Ulug-dépé est fouillé depuis 2001 par la Mission Archéologique Franco-Turkmène (MAFTur). Les recherches archéologiques menées à Ulug-dépé et le programme de prospection entrepris sur le site et sa région permettent de documenter l’histoire des communautés agro-pastorales sédentaires de l’Asie centrale et participent à la mise en valeur de son patrimoine culturel.

Le site d’Ulug-dépé couvre15 ha et atteint une hauteur de 30 m au-dessus de la plaine actuelle, permettant une vue probable du dépé à une distance de 30 km à la ronde. Bien que l'occupation Néolithique soit pressentie, c'est surtout dès le Chalcolithique ancien (5000-4000 avant J.-C.), qu'à Ulug-dépé se développe un système villageois dont la population pratiquait une agriculture irriguée et l’élevage du bétail. La fouille de nombreux fours de terre dans la zone d’habitation est le témoignage d’une intense activité artisanale et la découverte de matières exotiques telles que les perles miniatures en turquoise et lapis lazuli reflète des échanges interrégionaux.

L’âge du Bronze ancien (3000-2500 avant J.-C.) est marqué par le développement de l’urbanisation dans la civilisation de l’Oxus.

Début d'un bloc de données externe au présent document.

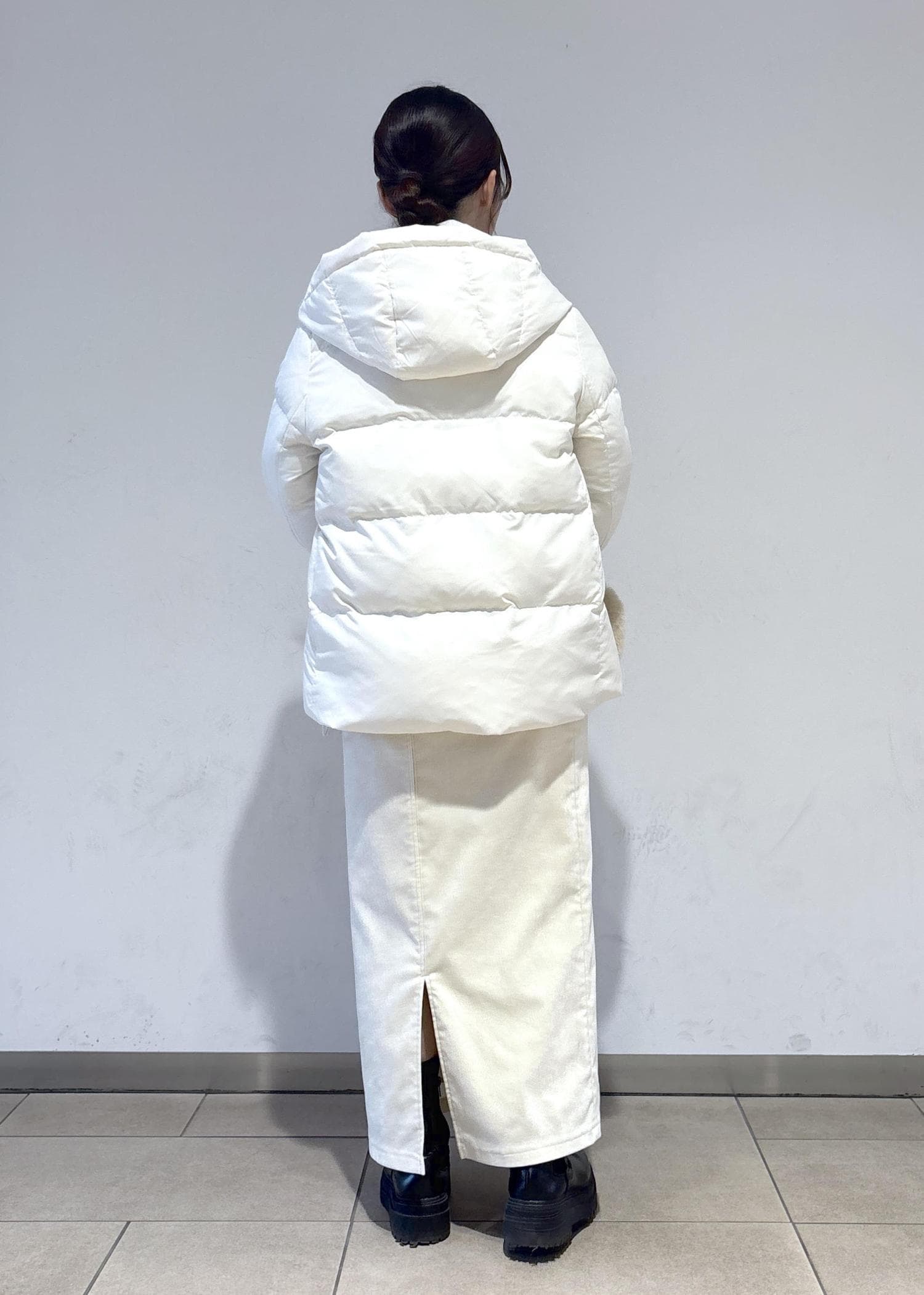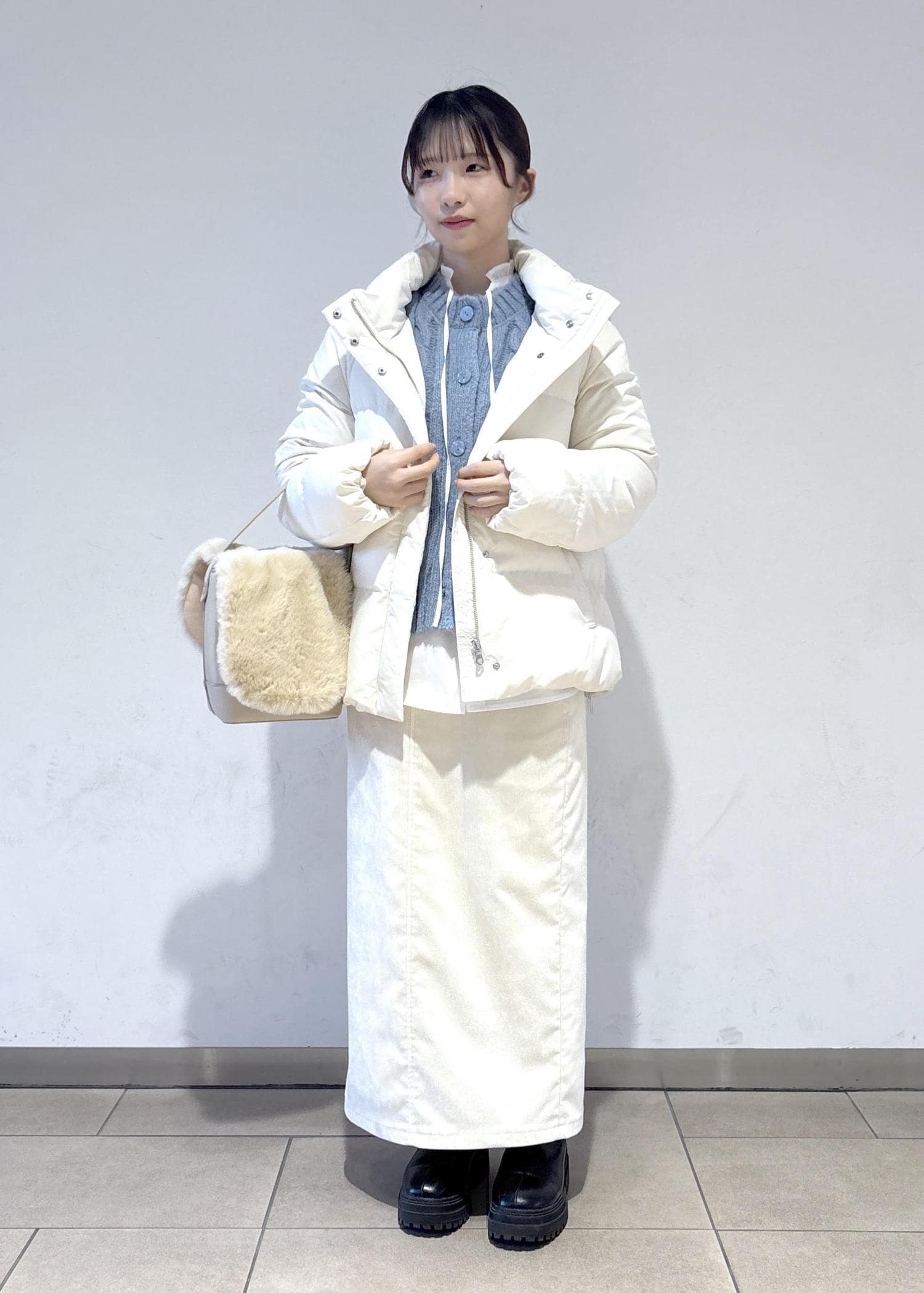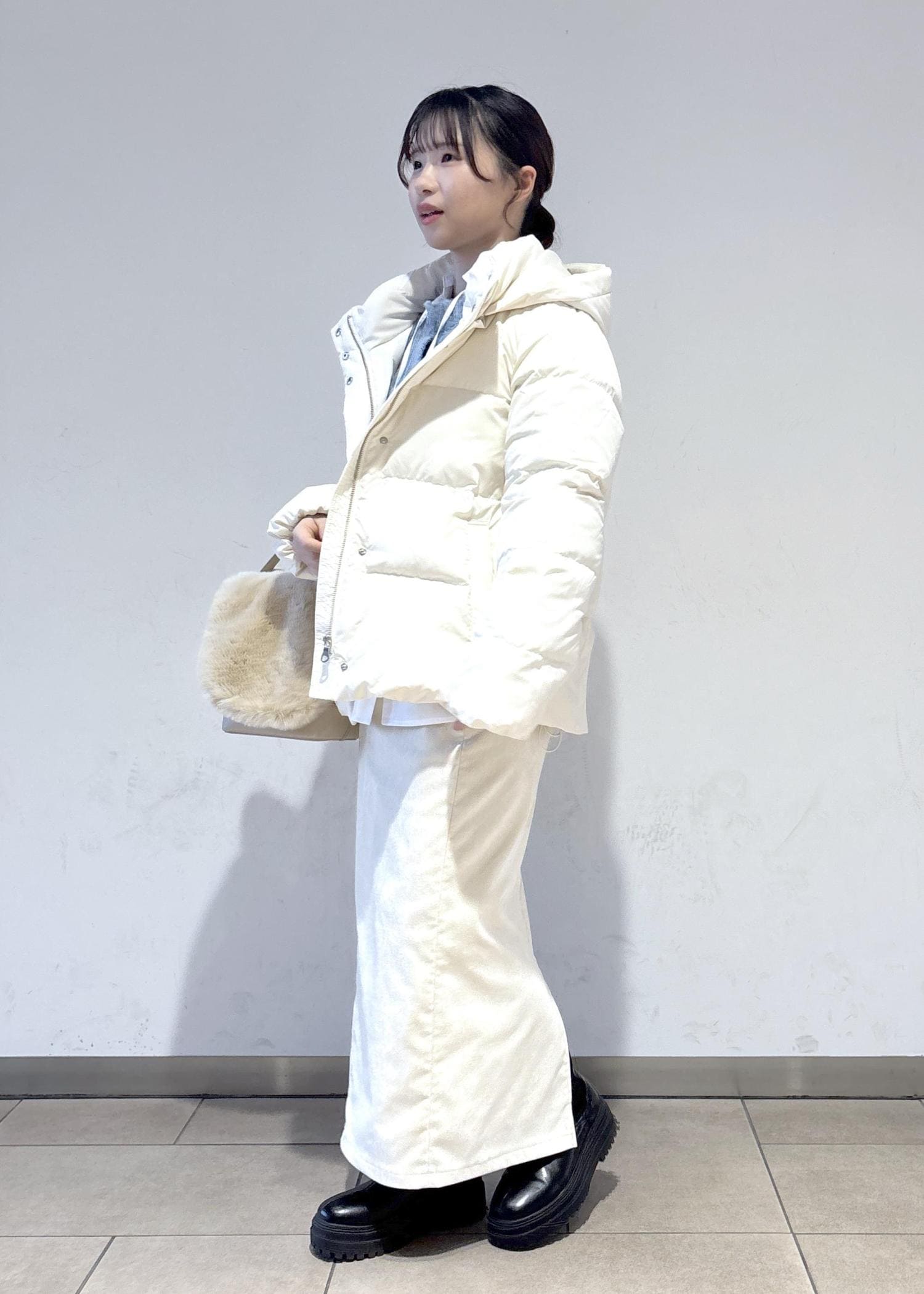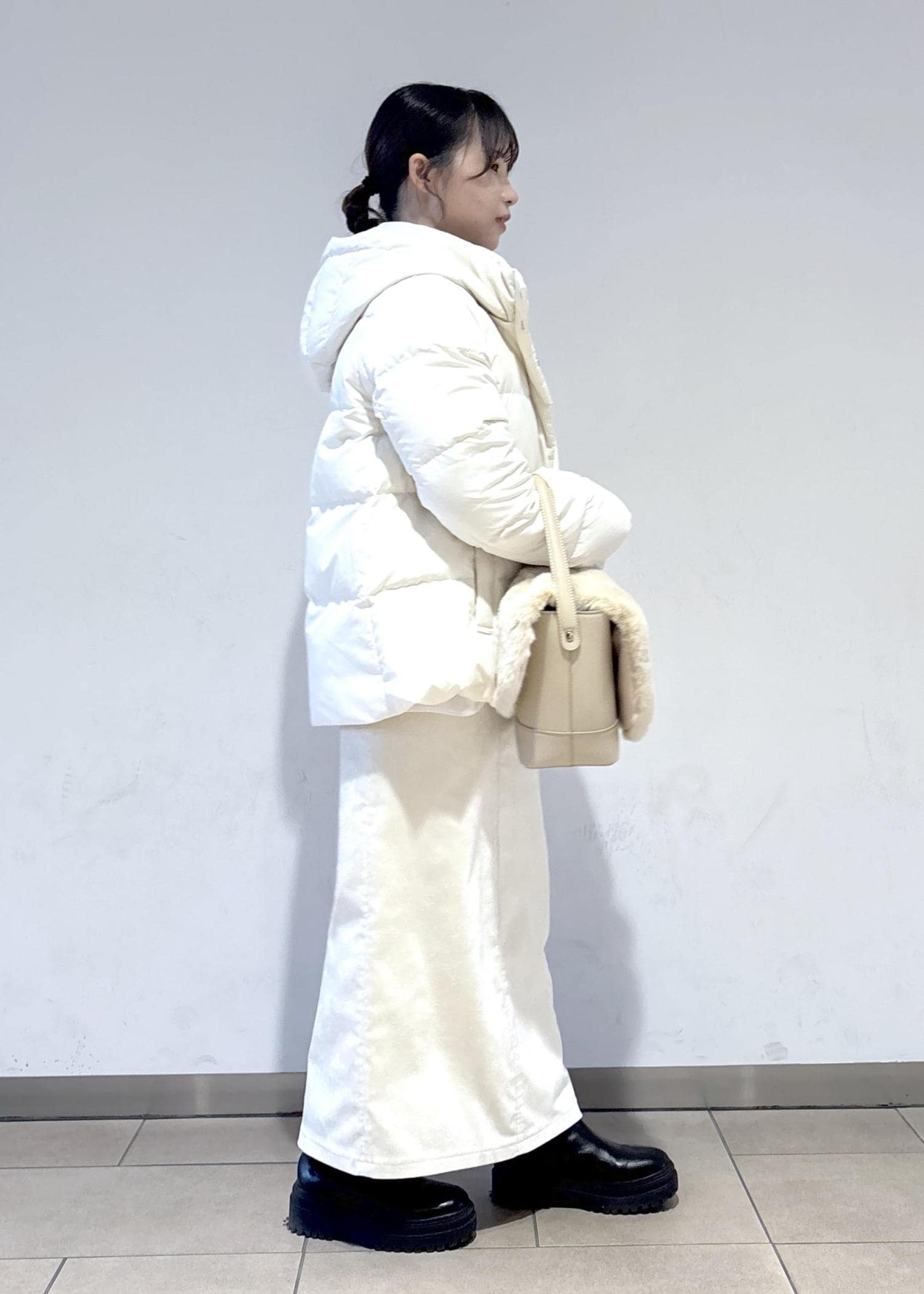 使いやすさ抜群のダウンと合わせて、白で統一感を出しつつ、差し色も入れた冬らしいコーディネートを意識しました。

Ulug-dépé devient une cité dont l’histoire s’inscrit dans plus de 7,50 m de stratigraphie. La population s’est regroupée au Nord du site et un mur de fortification de 2 m de large a été construit.

L’âge du Bronze moyen (2500-2000 avant J.-C.) se caractérise par un intense développement urbain reflet d’une société proto-étatique en raison de l’édification d’impressionnants monuments publics. On assiste à la mise en place d’industries spécialisées (céramique, métallurgie) et d’art de la pierre avec des échanges à longue distance. L’étude de la céramique d’Ulug-dépé révèle des changements technologiques importants dans ses modes de production. Alors que la civilisation de l’Oxus connaît de profondes mutations à la fin de l'âge du Bronze entre 1800 et 1500 avant J.-C. avec une réduction des sites et une diminution des échanges à longue distance, cette phase n’est pas attestée à Ulug-dépé.

L’apparition des cultures de l’âge du Fer est présente dans la zone Nord-Est d’Ulug-dépé avec une stratigraphie importante des Cultures à céramique modelée peinte du Fer ancien. Une prospection magnétique menée en 2003 a révélé la présence de bâtiments publics monumentaux sur le sommet du dépé, datés de 1100-900 avant J.-C. : une citadelle colossale, une probable résidence palatiale et un complexe religieux. Des murs d’enceinte semblent délimiter la ville basse extérieure à la ville haute renfermant la citadelle. Elle s’illustre par une double enceinte crénelée de plan carré, mesure 40 m de côté et s’organise en plusieurs secteurs symétriques constitués de salles bordées de banquettes à jarres de stockage. Leur scellement témoigne d’un contrôle rigoureux d’une administration centralisée. Victime d’un grave incendie, elle fut rénovée et ses murs extérieurs peints en rouge vif, puis abandonnée avec des rites complexes de fermeture.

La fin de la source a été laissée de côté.